**What the task requires:** Using the data below, return word for word every line from the one holding "баклажаны попечь или" down to the one holding "Разрешение на строительство". Leave pictures out.

══ Records for this task

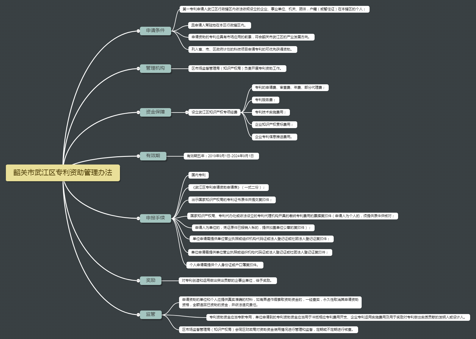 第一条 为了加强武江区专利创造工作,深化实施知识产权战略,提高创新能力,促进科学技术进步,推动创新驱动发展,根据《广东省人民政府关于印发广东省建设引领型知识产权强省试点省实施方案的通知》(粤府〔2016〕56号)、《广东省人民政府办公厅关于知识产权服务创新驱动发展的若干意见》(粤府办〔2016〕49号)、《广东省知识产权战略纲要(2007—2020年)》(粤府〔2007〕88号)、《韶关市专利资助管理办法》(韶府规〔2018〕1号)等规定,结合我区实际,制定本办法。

════
══ Records for this task

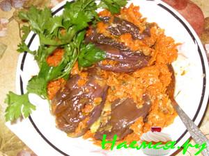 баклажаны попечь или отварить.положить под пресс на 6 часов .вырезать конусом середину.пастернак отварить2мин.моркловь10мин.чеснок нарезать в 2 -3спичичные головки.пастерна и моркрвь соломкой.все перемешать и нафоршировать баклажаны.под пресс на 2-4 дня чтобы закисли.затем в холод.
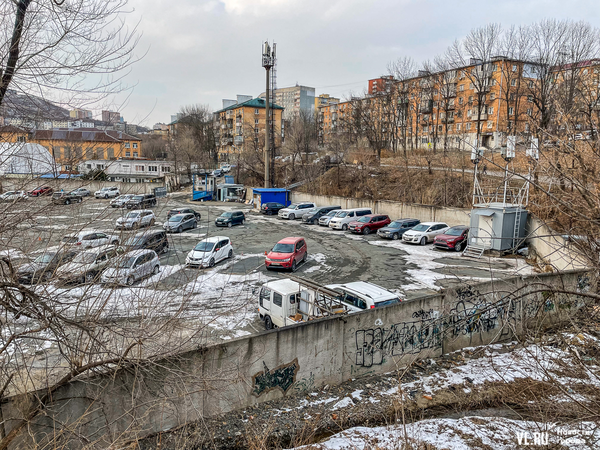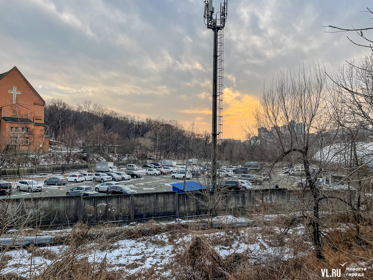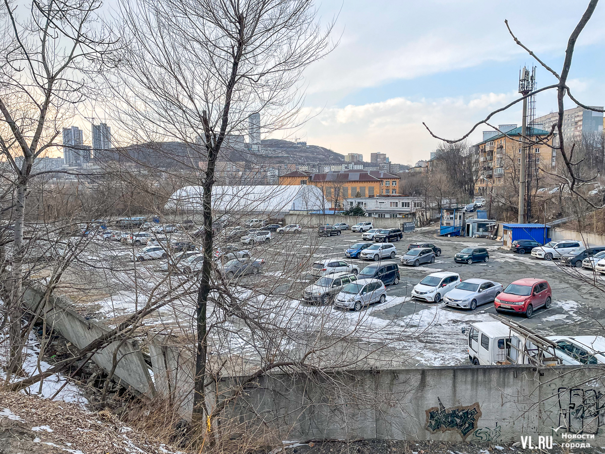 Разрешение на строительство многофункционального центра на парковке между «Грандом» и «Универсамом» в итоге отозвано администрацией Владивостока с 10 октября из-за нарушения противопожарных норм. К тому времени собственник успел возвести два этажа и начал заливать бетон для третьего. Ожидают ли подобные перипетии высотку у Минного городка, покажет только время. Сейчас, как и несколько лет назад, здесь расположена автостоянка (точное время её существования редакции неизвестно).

════
══ Records for this task

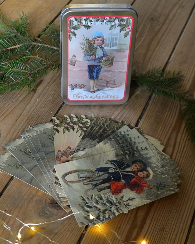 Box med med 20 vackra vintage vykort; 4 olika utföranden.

════

**Output of the task:**
 баклажаны попечь или отварить.положить под пресс на 6 часов .вырезать конусом середину.пастернак отварить2мин.моркловь10мин.чеснок нарезать в 2 -3спичичные головки.пастерна и моркрвь соломкой.все перемешать и нафоршировать баклажаны.под пресс на 2-4 дня чтобы закисли.затем в холод.
 Разрешение на строительство многофункционального центра на парковке между «Грандом» и «Универсамом» в итоге отозвано администрацией Владивостока с 10 октября из-за нарушения противопожарных норм. К тому времени собственник успел возвести два этажа и начал заливать бетон для третьего. Ожидают ли подобные перипетии высотку у Минного городка, покажет только время. Сейчас, как и несколько лет назад, здесь расположена автостоянка (точное время её существования редакции неизвестно).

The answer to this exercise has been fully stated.